Thursday, June 5, 2025

It's All About the Ships

Posted by: Nicole Luiken


 I've been doing a lot of research into ships lately. Both early sailing ships (the cog and the caravel) for my fantasy novel The Bastard Prince and spaceships for an SF novel. 

It's tough going. 

So look, I live in Alberta (Canada) which is basically land-locked. I've probably only been on a boat less than a dozen times in my life--five ferry rides, a harbor taxi, a canoe, a rowboat and two speedboats (once whale-watching, the other trying and failing to learn to waterski.) Not a lot of experience there. I've never been out on the open ocean out of sight of land, always just protected straits and harbors and lakes. I've only experienced gentle waves and sunny skies, no storms.

 A lot of my ship scenes are written from the point-of-view of my heroine, who knows nothing of ships, which helps, but some of the scenes have to be from my reformed-pirate-captain hero.

 Things I've researched: How did the caravel revolutionize sailing? What were gunwales called before the invention of cannons meant the sides of ships had to be reinforced? How many masts and what dimensions did the early caravels have? When were grapples invented? Did Vikings have sea battles? I'm sure there will be lots more before I'm done.

Writing about spaceships is both worse and better.

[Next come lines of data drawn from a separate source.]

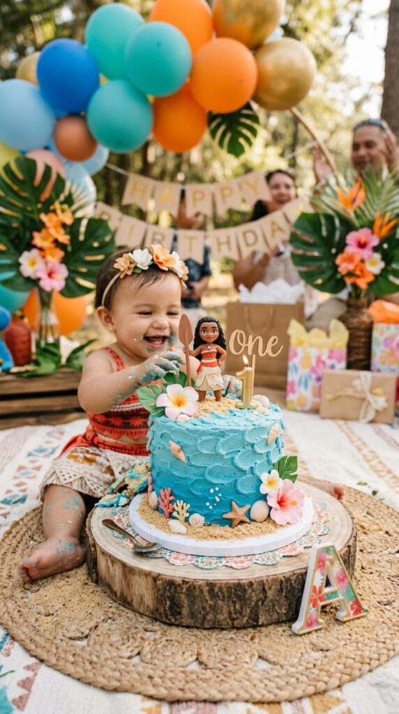 Smash cakes are one of the sweetest birthday traditions out there, and a Moana theme makes them even more magical. Keep moana smash cake designs simple — think ocean blue frosting, tiny shells, and soft florals your little one can actually dig into. You don’t need anything elaborate.
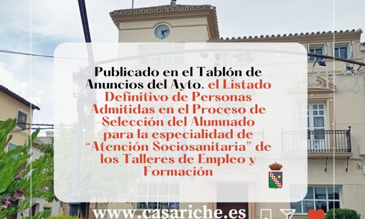 Desde la Delegación de Empleo informamos que ya se puede consultar tanto en el Tablón de Anuncios del Ayuntamiento así como en el E- tablón el Listado Definitivo de Personas Admitidas, en reserva y no admitidas en el procedimiento de selección del alumnado de los programas de Empleo y Formación para la especialidad “Atención sociosanitaria a personas dependientes en Instituciones sociales”
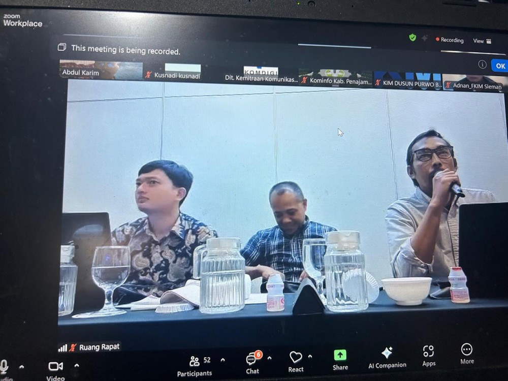 Foto : Ketua KIM Tangguh Mentaos, Dr. Abdul Karim, mengikuti pertemuan daring yang dipimpin Komdigi RI pada 22 April 2026.(BE) BANJARBARUEMAS.COM — Ruang virtual yang mempertemukan ratusan pegiat informasi dari seluruh Indonesia itu terasa berbeda. Dalam pertemuan daring pada 22 April 2026 yang dipimpin Kementerian Komunikasi dan Digital (Komdigi) Republik Indonesia, tidak sekadar koordinasi yang mengemuka, melainkan juga arah baru dalam pengelolaan informasi berbasis komunitas.
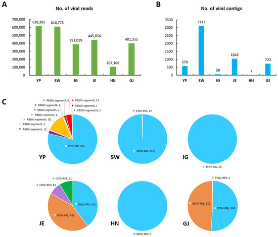 The virus-associated contigs from the dataset were first combined and then classified. We identified three different viruses, BYDV, CYDV, and RBSDV in all libraries (Figure 2C). Of these, BYDV-PAV was the most frequently identified virus based on the number of identified contigs in all libraries. BYDV-PAV (446 contigs) and RBSDV (123 contigs) were identified from YP. BYDV-PAV (3101 contigs) and CYDV-RPS (12 contigs) were identified from SW, whereas BYDV-PAV (59 contigs and seven contigs) was only identified from IG and HN, respectively. BYDV-PAS (453 contigs), BYDV-PAV (415 contigs), CYDV-RPS (91 contigs), and CYDV-RPV (83 contigs) were identified from JE, whereas BYDV-PAV (369 contigs), BYDV-PAS (352 contigs), and CYDV-RPS (2 contigs) were identified from GJ. Interestingly, RBSDV was identified only in YP.

Better, because the novel is set a hundred years in the future and so I can hand-wave some of it as something that will be invented later. Worse, because I do need to wrap my brain around some of the science and orbital mechanics. My characters don't have to navigate but I need to ground my space travel in enough reality that readers who do know some science won't be wincing.

(I once stopped reading an SFR book because I could not accept the huge coincidence of their spaceship having a breakdown close to a prison planet. Um, space is LARGE. The chances of this happening inside a solar system much less right beside a planet is probably a million to one.) 

So  ships. So many ships. So much research. Wish me luck!